Saved entries
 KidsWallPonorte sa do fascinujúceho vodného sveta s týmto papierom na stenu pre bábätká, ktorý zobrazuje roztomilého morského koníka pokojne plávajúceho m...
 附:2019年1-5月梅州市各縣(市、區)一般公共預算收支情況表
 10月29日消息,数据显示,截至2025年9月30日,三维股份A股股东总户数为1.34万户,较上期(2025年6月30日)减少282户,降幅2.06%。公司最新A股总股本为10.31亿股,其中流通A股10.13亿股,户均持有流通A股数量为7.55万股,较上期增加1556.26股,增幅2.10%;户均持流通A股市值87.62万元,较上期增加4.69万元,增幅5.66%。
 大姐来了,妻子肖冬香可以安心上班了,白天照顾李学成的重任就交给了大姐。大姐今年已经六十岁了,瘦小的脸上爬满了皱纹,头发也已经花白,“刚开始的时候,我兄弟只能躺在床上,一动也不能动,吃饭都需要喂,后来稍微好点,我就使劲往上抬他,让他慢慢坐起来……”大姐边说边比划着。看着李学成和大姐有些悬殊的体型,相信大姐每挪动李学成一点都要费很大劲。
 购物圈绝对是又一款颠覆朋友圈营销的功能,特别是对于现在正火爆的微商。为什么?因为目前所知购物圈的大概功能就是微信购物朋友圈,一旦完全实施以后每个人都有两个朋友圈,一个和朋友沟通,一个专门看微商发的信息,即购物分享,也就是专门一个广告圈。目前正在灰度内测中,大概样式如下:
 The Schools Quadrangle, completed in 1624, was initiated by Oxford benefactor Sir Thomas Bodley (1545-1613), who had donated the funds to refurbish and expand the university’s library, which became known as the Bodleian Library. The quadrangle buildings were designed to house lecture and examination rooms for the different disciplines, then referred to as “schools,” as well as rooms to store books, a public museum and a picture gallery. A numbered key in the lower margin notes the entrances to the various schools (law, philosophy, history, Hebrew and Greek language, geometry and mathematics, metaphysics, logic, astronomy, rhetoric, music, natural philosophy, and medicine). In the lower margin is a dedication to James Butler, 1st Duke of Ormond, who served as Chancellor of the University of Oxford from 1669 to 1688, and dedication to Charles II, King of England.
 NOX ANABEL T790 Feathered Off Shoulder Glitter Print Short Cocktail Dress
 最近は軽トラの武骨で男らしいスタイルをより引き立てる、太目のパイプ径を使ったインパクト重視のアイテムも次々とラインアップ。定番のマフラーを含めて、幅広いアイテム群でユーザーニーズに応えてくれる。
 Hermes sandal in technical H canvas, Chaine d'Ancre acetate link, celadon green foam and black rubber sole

▶ Activity:
Each line of the records, from the opening one through the line holding "购物圈绝对是又一款颠覆朋友圈", should be restated word for word, with nothing else in the answer.

▶ Your solution:
 KidsWallPonorte sa do fascinujúceho vodného sveta s týmto papierom na stenu pre bábätká, ktorý zobrazuje roztomilého morského koníka pokojne plávajúceho m...
 附:2019年1-5月梅州市各縣(市、區)一般公共預算收支情況表
 10月29日消息,数据显示,截至2025年9月30日,三维股份A股股东总户数为1.34万户,较上期(2025年6月30日)减少282户,降幅2.06%。公司最新A股总股本为10.31亿股,其中流通A股10.13亿股,户均持有流通A股数量为7.55万股,较上期增加1556.26股,增幅2.10%;户均持流通A股市值87.62万元,较上期增加4.69万元,增幅5.66%。
 大姐来了,妻子肖冬香可以安心上班了,白天照顾李学成的重任就交给了大姐。大姐今年已经六十岁了,瘦小的脸上爬满了皱纹,头发也已经花白,“刚开始的时候,我兄弟只能躺在床上,一动也不能动,吃饭都需要喂,后来稍微好点,我就使劲往上抬他,让他慢慢坐起来……”大姐边说边比划着。看着李学成和大姐有些悬殊的体型,相信大姐每挪动李学成一点都要费很大劲。
 购物圈绝对是又一款颠覆朋友圈营销的功能,特别是对于现在正火爆的微商。为什么?因为目前所知购物圈的大概功能就是微信购物朋友圈,一旦完全实施以后每个人都有两个朋友圈,一个和朋友沟通,一个专门看微商发的信息,即购物分享,也就是专门一个广告圈。目前正在灰度内测中,大概样式如下:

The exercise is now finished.